Seps13 schrieb:Aber vielleicht äußert sich @Rick_Blaine dazu nochmal.
Hm, eigentlich habe ich keine grosse Lust mich immer wieder zu wiederholen, denn hier wird soviel Unsinn geschrieben der keinerlei Kenntnisse in grundsätzlichem Verfahrensrecht aufzeigt.
Aber gut, schreibe ich es noch einmal. Mit den deutschen Begriffen muss man immer etwas vorsichtig umgehen, aber im Prinzip ist das Verfahrensrecht in den USA oder speziell hier in Wisconsin gar nicht so anders als in Deutschland.
Fangen wir mit dem Begriff Berufung an. Der Begriff passt hier gar nicht und sollte nicht verwendet werden. Eine Berufung ist ein Rechtsmittel das es in Deutschland gibt und das, wenn es erfolgreich ist, eine neue Tatsachenverhandlung ermöglicht.
Auf dem Level unseres Falles hier gibt es das nicht, übrigens genausowenig wie in Deutschland.

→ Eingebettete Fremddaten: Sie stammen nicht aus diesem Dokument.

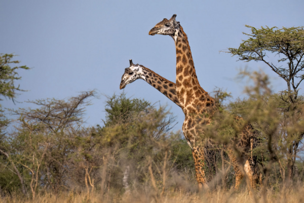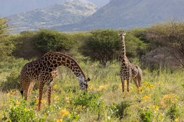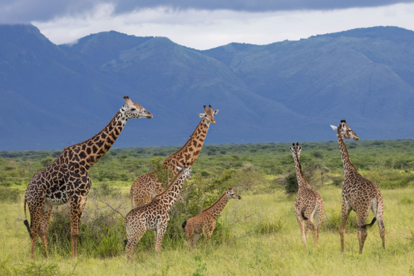 Мне посчастливилось своими глазами видеть потрясающую сцену. Стадо жирафов шло в сторону гор, будто намереваясь подниматься выше. Но что-то постоянно их задерживало. Они останавливались, оглядывались, ждали. Крупный тёмный бык терпеливо пас молодняк. Самки держались возле молодой матери. И вскоре стало ясно почему. Самая маленькая, крошечная телочка, едва могла идти. Похоже, хищники уже успели добраться до неё. Нижняя часть ног была в ранах, опухших и воспалённых. Двигаться ей было мучительно больно, и всё же она пыталась ковылять за стадом. Но поразило меня другое: как стадо держалось вокруг неё, не позволяя отстать. Более крупные особи прикрывали малышку с разных сторон, а мать всё время останавливалась, позволяя телёнку прижаться к боку или попить молока. Не уверена, что телёнок выжил. Такова жизнь в дикой природе. Но их поведение, эта очевидная забота о раненом детёныше, стало одним из самых сильных наблюдений в Мкомази.

Es gibt grundsätzlich zwei verschiedene Dinge:
Es gibt die Revision, in welcher man ein übergeordnetes Gericht bittet, das vergangene Verfahren auf Rechtsfehler zu untersuchen. Diese können in verschiedener Form vorliegen, vom unzuständigen Gericht angefangen, über einen befangenen Richter, bis hin zu erheblicher fehlerhafter Interpretation der Beweisregeln usw. Das ist in beiden Ländern gleich.
Und es gibt das Wiederaufnahmeverfahren, dazu weiter unten mehr. Erst einmal zur Revision:
Es wäre hier für die Diskussion allerdings hilfreich, endlich einmal darauf zu verzichten, angebliche Verfahrensfehler, über die noch nicht entschieden wurde, als "erheblich" usw. zu bezeichnen und jedes Mal zu insinuieren, dass damit das Ergebnis der Revision schon feststeht.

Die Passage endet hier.